当年,我小学的升学考试还是让我紧张了好一阵子的!这紧张不是来自考试中遇到难题,而是那监考老师一句又一句,时不时发出的咋咋呼呼的警告声。
本来那时候的当阳县城关一小六年级就已经使用了单独的那种课桌,考前也将考试用课桌之间拉开了考场能够允许的间隔距离。
应该说坐在各位同学考试桌位置上是无法看到左右那边考生的试卷上的具体内容的。
虽然我是远视眼,有很好的视力,但是我自己有一定把握去好好考试,没有萌生想去看看左右两边同学的考卷的主观意识。再加上考场那监考安排与考场气氛,我更是不敢在一前一后两位监考老师睽睽注目下去左顾右盼。
我选择一直低着头,而不管是在书写时,还是在深度思考时。记得我的脖子连续低头两堂课时间,都有了一种从来没有过的酸痛感了。
在监考老师的那近似负面的干扰下,我完成了考试。考中我担心被抓卷,是一直没有敢改变低头姿势。早就做完考卷,而不敢抬头,就低着头一遍遍检查,直到考场钟声敲响,才起身离开考场。
记得我的小升初考试之后,首先向我传来喜讯的是住我家对面的陈光全阿姨丈夫——我称呼的袁伯伯。

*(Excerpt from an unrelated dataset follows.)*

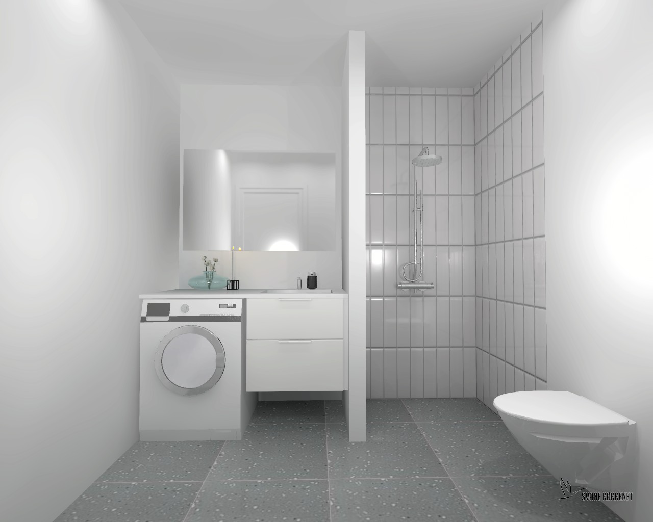 På badeværelset er der vaskesøjle, så man slipper for vasketider og kælderrum.

袁伯伯那时候已经由当阳县半月中学校长岗位调到当阳县城关第二小学任校长。袁伯伯最先简单告诉了我,说我考上了中学,被当阳一中录取了。
过了两天,住李德平同学对面的那位热心快肠唐婆婆又招呼我与住隔壁的李德平同学三人一同去了当阳一中学校大门外告示栏看榜。知道李德平同学与我一样也考入了当阳一中,我们都很高兴。唐婆婆虽然是不识字,但是来自宜昌市老城区,深知读书学知识对于人生的那份重要性。
我之所以要说妈妈的同事唐秀梅阿姨的妈妈热心快肠,是我与唐婆婆后来还有一些人生的好故事要讲,余言后叙。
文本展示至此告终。